▶ _Your instructions_:
Please write out the lines of the data exactly, beginning with the first and ending with the line containing "Cohete comunista llevándose"; leave the pictures behind.

(Beginning of Source data)

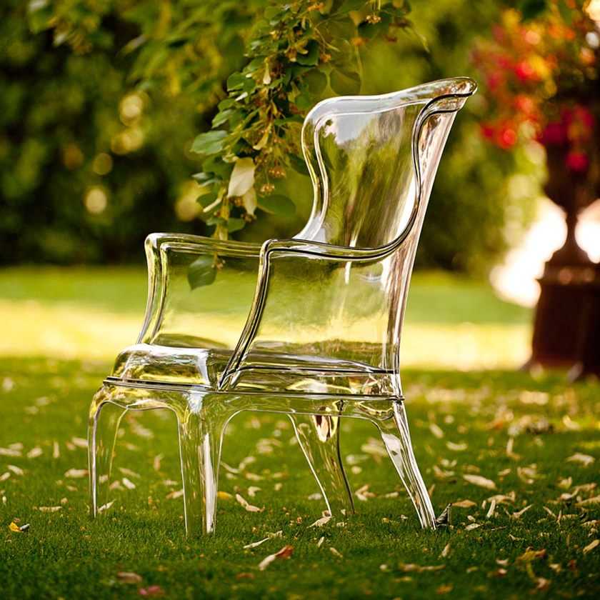 Прозрачный стул из поликарбоната отлично смотрится не только в интерьере помещения, но и на открытой веранде, освещенной солнцем. Из этого материала производятся не только стулья, но и довольно внушительные кресла, способные принять вес до 200 килограммов.
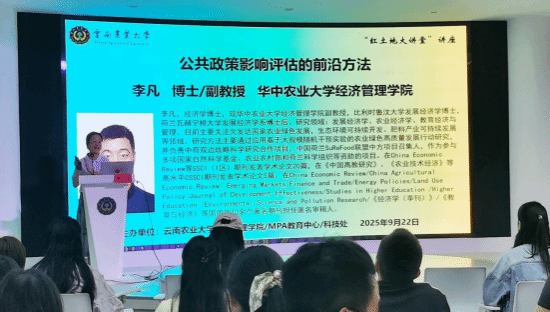 9月22日,世界杯官方网站入口2026特邀华中农业大学世界杯官方网站入口2026李凡副教授为公司MPA师生开展《公共政策影响评估的前沿方法》专题讲座暨“红土地大讲堂”讲座,讲座由世界杯官方网站入口2026经理陈蕊教授主持,2024级和2025级MPA全体员工,部分农业管理、农林经济管理专业全日制研究生及部分老师参加讲座。
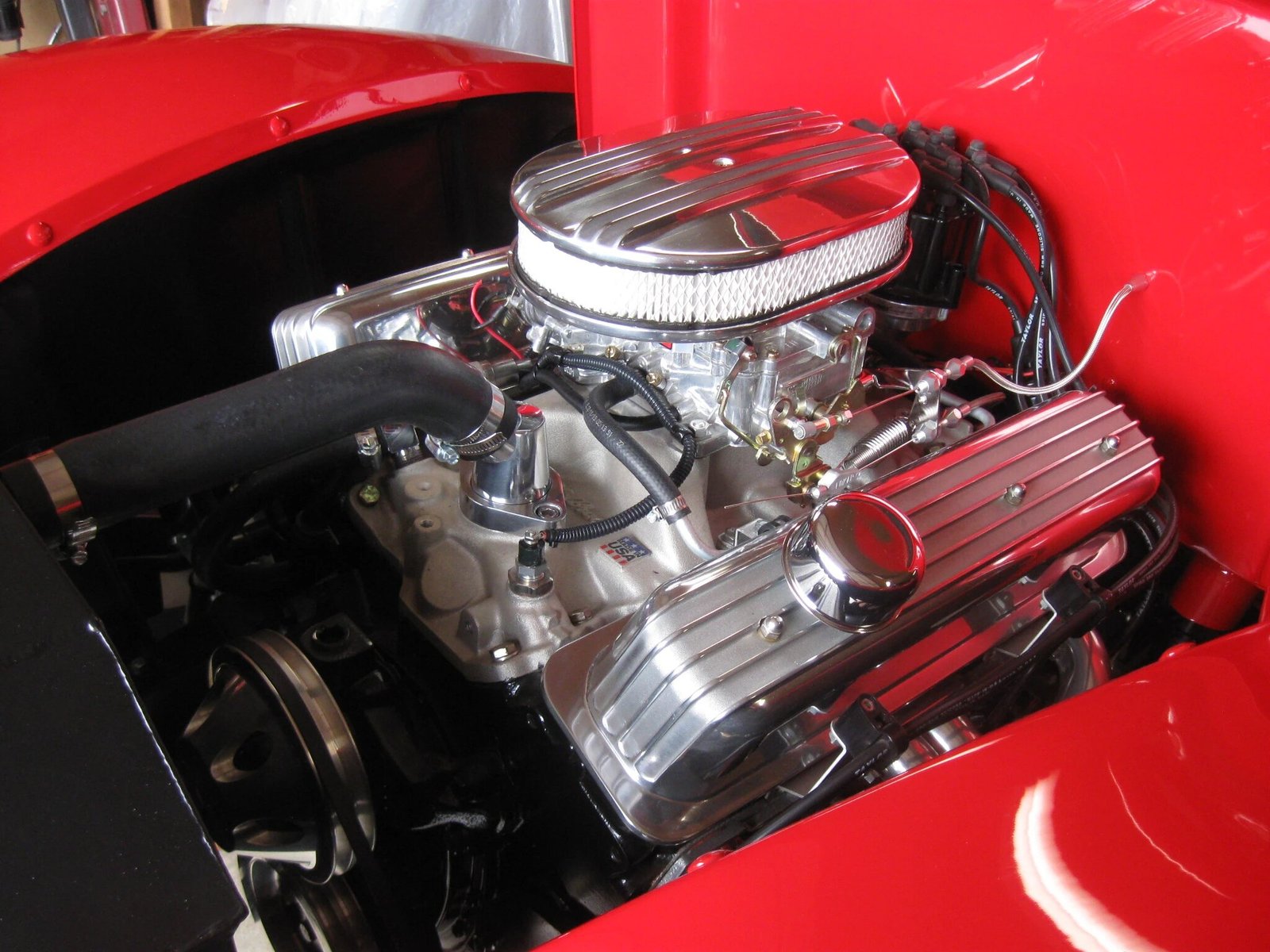 Induction is from a 600-cfm carburetor mounted on an Edelbrock intake and fed by a mechanical fuel pump.
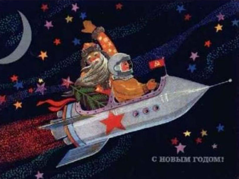 Cohete comunista llevándose el árbol de Navidad y Rey Mago no se sabe donde. ¿A Marte o a Raticulín?…… porque la luna está a su izquierda.
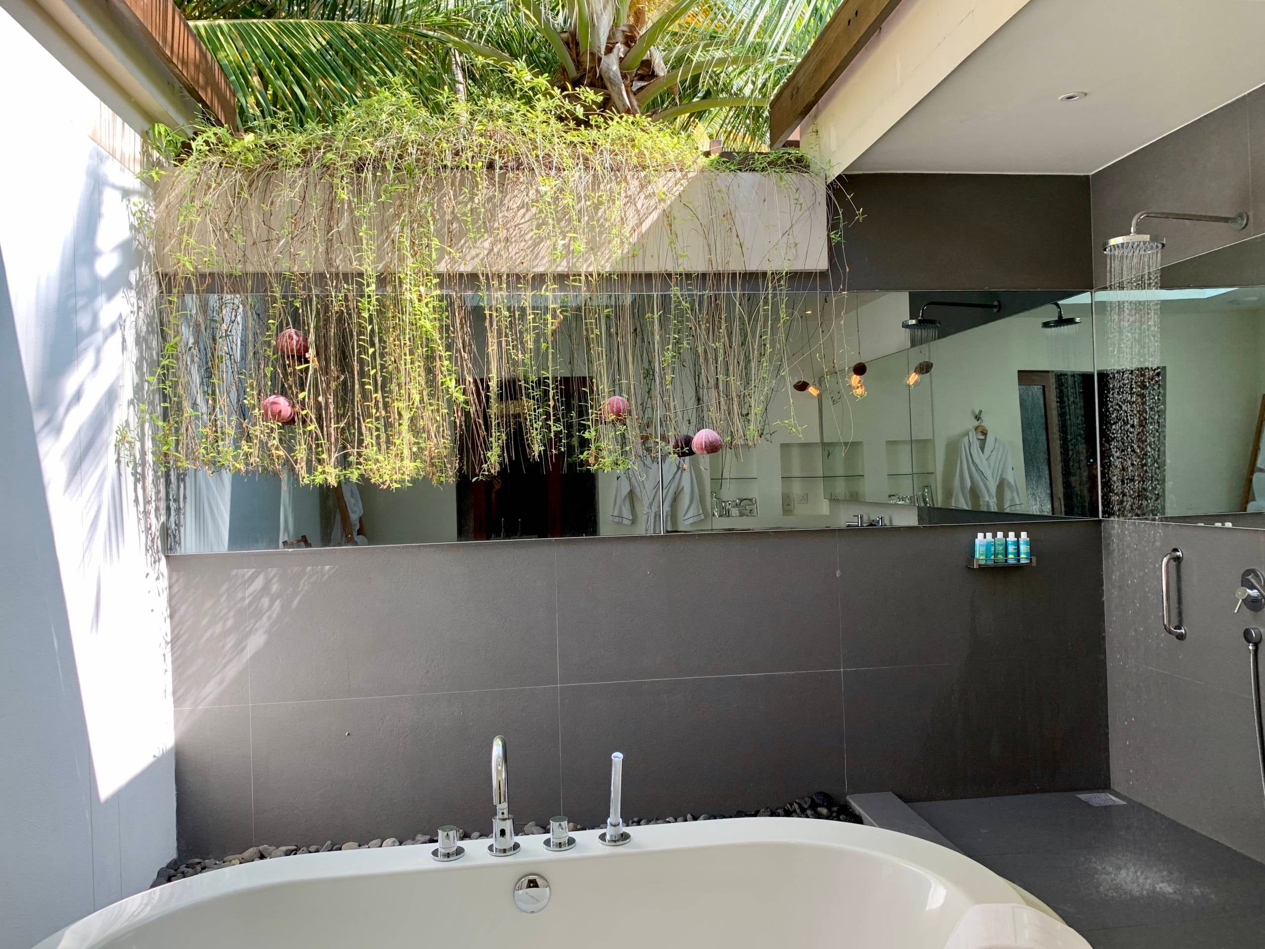 To really drive this point home, if you'd rather stay over land in one of the W's two-story Beach Oases, you'll have to pay extra for that privilege. While that might seem counterintuitive and contrary to everything the Maldives is about, we opted to spend our last two nights in a Beach Oasis and were very happy with that decision. Moving from an overwater villa to a treehouse in the jungle made it feel like we were starting an entirely new trip. We loved some of the more "W" design elements, including the large swinging couch on the upper deck and the outdoor bath and shower.

(End of Source data)

▶ _Task answer_:
 Прозрачный стул из поликарбоната отлично смотрится не только в интерьере помещения, но и на открытой веранде, освещенной солнцем. Из этого материала производятся не только стулья, но и довольно внушительные кресла, способные принять вес до 200 килограммов.
 9月22日,世界杯官方网站入口2026特邀华中农业大学世界杯官方网站入口2026李凡副教授为公司MPA师生开展《公共政策影响评估的前沿方法》专题讲座暨“红土地大讲堂”讲座,讲座由世界杯官方网站入口2026经理陈蕊教授主持,2024级和2025级MPA全体员工,部分农业管理、农林经济管理专业全日制研究生及部分老师参加讲座。
 Induction is from a 600-cfm carburetor mounted on an Edelbrock intake and fed by a mechanical fuel pump.
 Cohete comunista llevándose el árbol de Navidad y Rey Mago no se sabe donde. ¿A Marte o a Raticulín?…… porque la luna está a su izquierda.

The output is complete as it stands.